## DESCRIPTION OF THE TASK:
Give the listing again word for word. Leave every image out.

## GIVEN DATA:
○ ○ ○ ○ ○

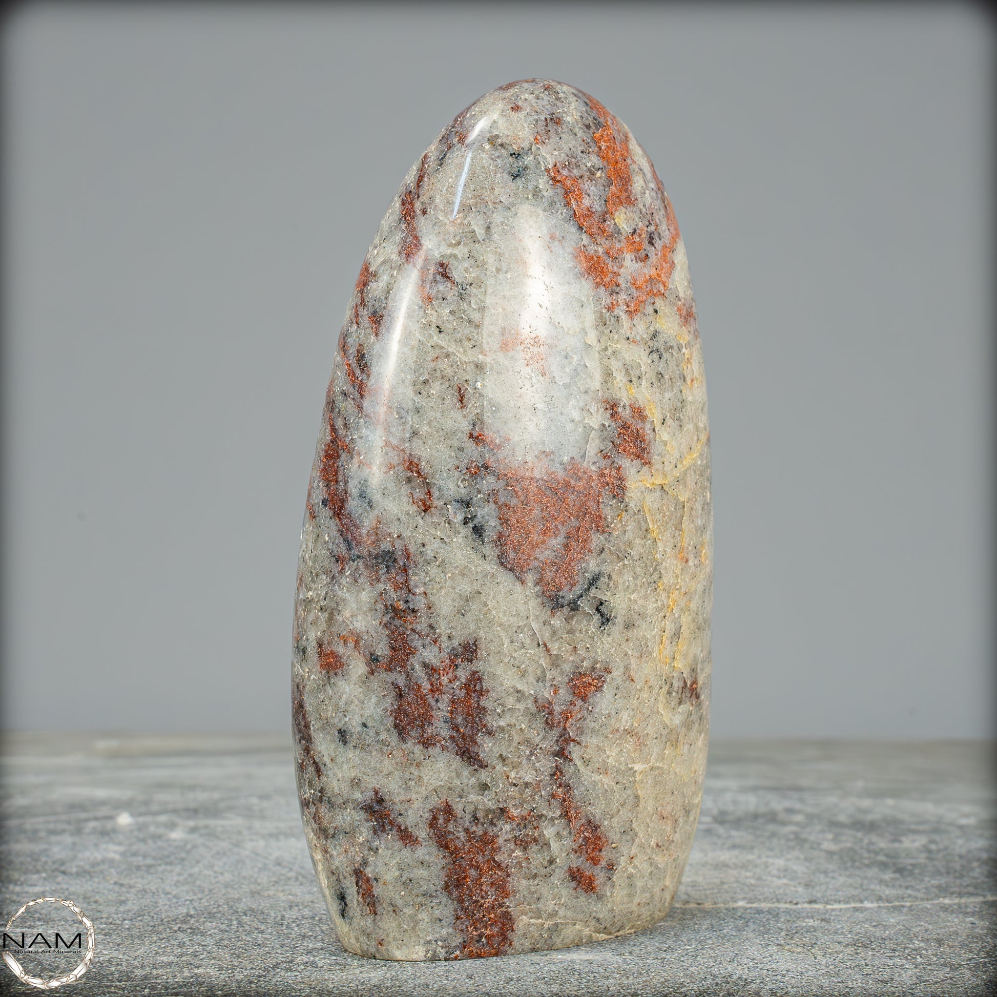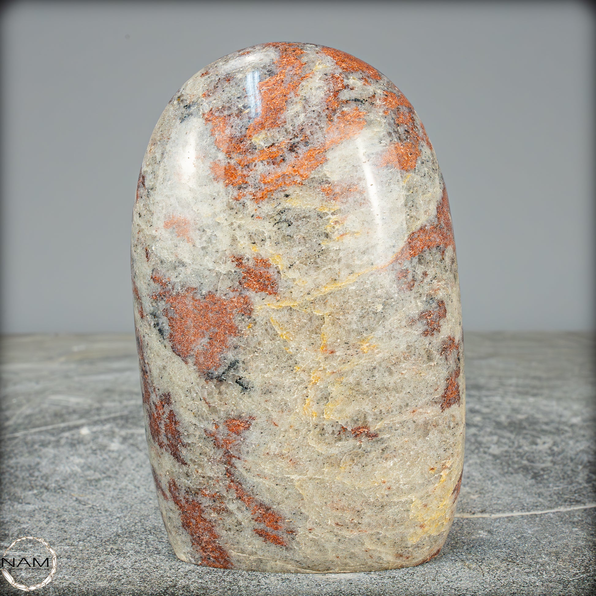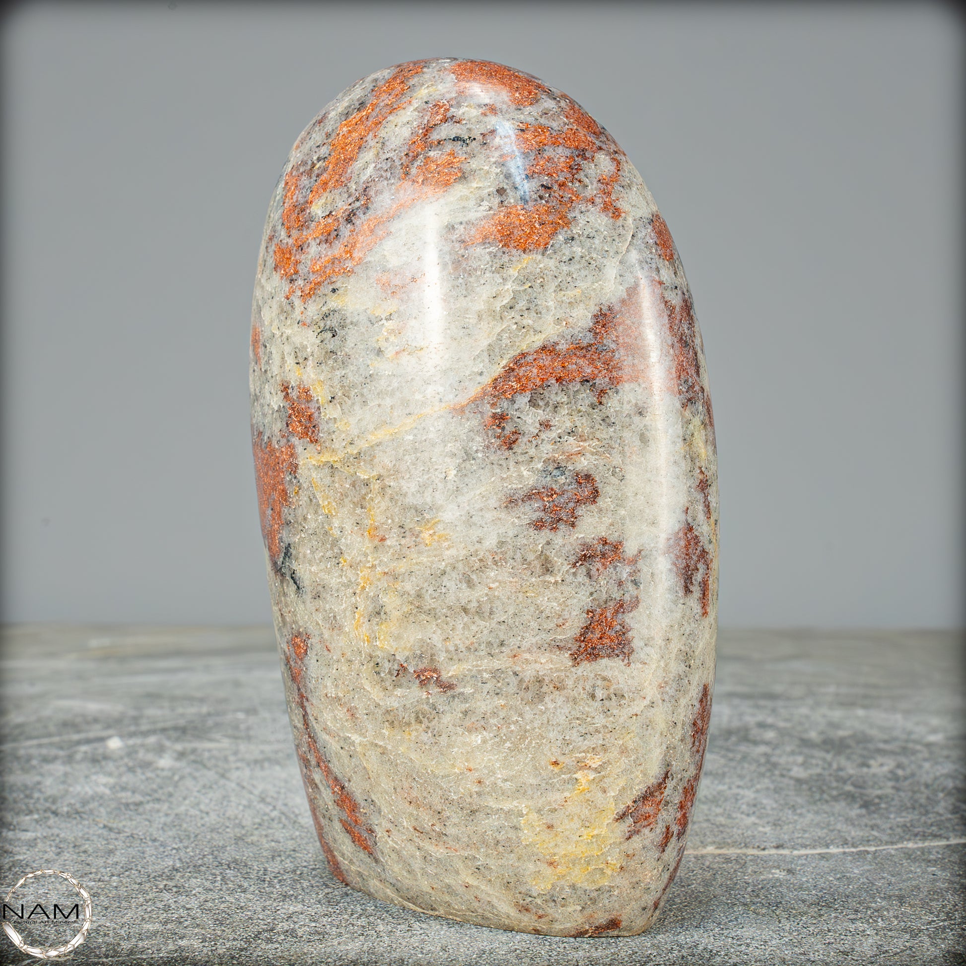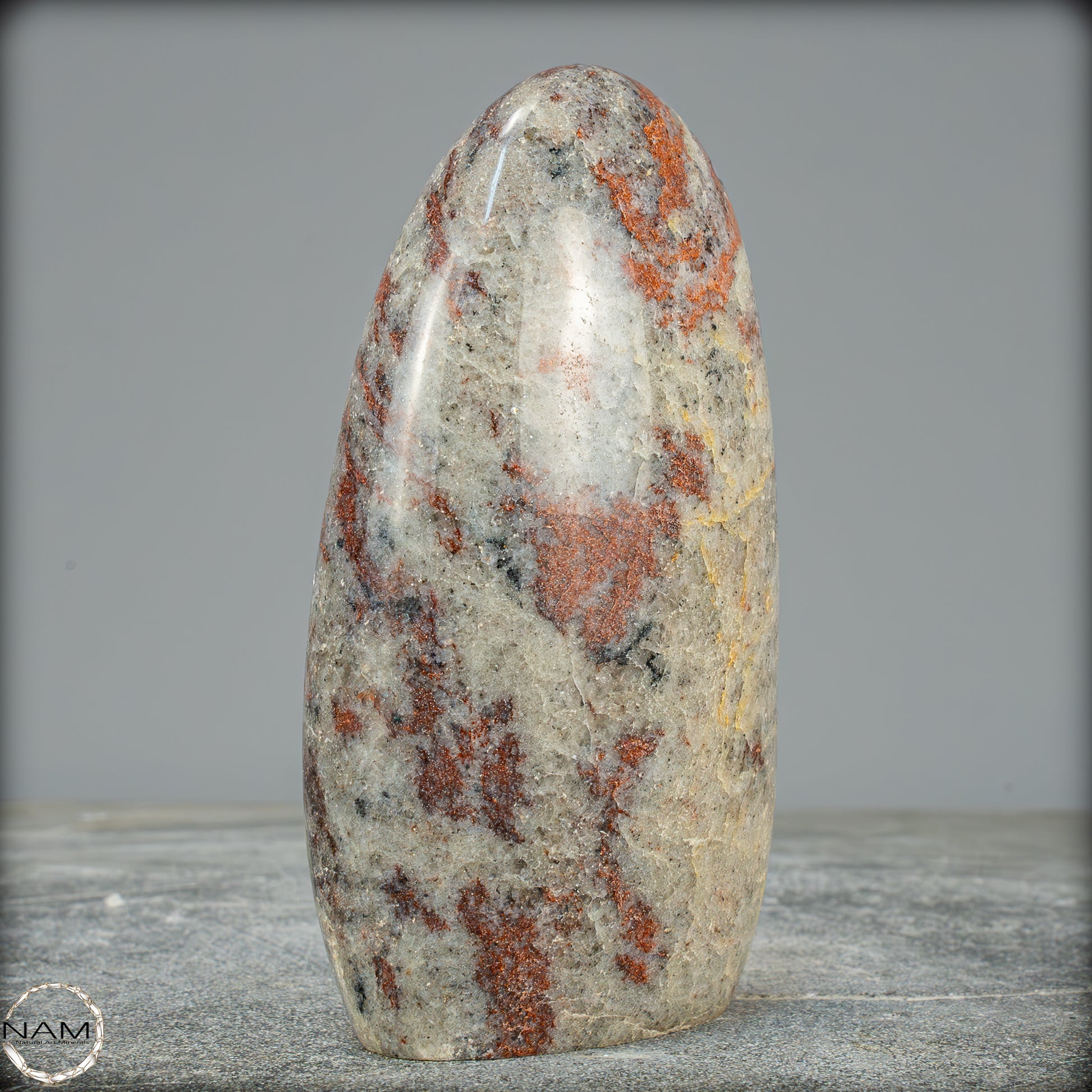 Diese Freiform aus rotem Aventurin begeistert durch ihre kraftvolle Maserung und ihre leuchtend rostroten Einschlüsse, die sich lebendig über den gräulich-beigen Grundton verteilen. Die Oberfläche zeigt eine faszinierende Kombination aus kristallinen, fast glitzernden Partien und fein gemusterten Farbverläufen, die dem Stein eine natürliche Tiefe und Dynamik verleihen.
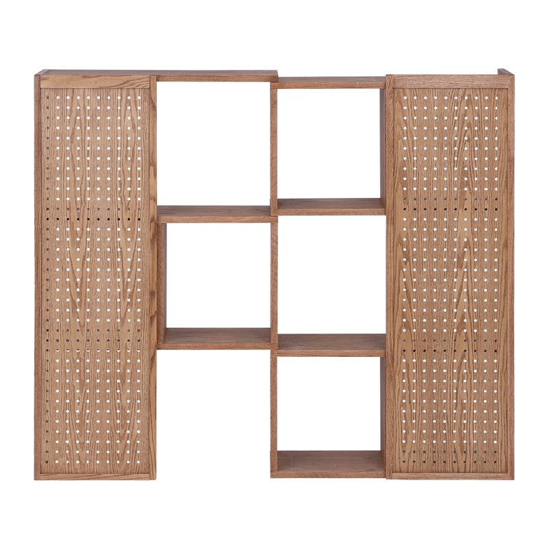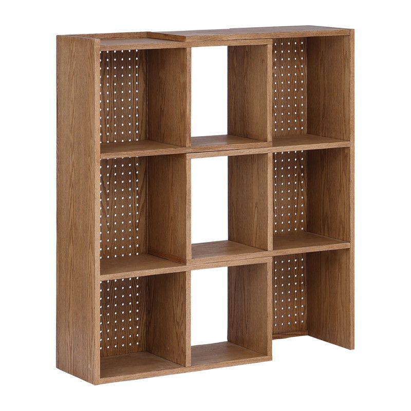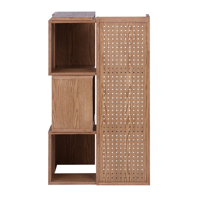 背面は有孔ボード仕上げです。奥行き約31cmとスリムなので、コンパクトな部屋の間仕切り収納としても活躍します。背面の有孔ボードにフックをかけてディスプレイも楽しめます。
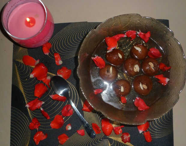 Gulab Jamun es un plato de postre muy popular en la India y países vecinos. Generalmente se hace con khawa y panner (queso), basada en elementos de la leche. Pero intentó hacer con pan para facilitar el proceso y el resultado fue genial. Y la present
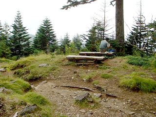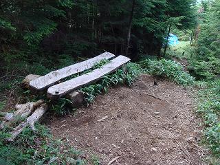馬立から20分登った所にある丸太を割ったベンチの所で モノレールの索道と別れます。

○ ○ ○ ○ ○

## FINAL ANSWER:
 Diese Freiform aus rotem Aventurin begeistert durch ihre kraftvolle Maserung und ihre leuchtend rostroten Einschlüsse, die sich lebendig über den gräulich-beigen Grundton verteilen. Die Oberfläche zeigt eine faszinierende Kombination aus kristallinen, fast glitzernden Partien und fein gemusterten Farbverläufen, die dem Stein eine natürliche Tiefe und Dynamik verleihen.
 背面は有孔ボード仕上げです。奥行き約31cmとスリムなので、コンパクトな部屋の間仕切り収納としても活躍します。背面の有孔ボードにフックをかけてディスプレイも楽しめます。
 Gulab Jamun es un plato de postre muy popular en la India y países vecinos. Generalmente se hace con khawa y panner (queso), basada en elementos de la leche. Pero intentó hacer con pan para facilitar el proceso y el resultado fue genial. Y la present
馬立から20分登った所にある丸太を割ったベンチの所で モノレールの索道と別れます。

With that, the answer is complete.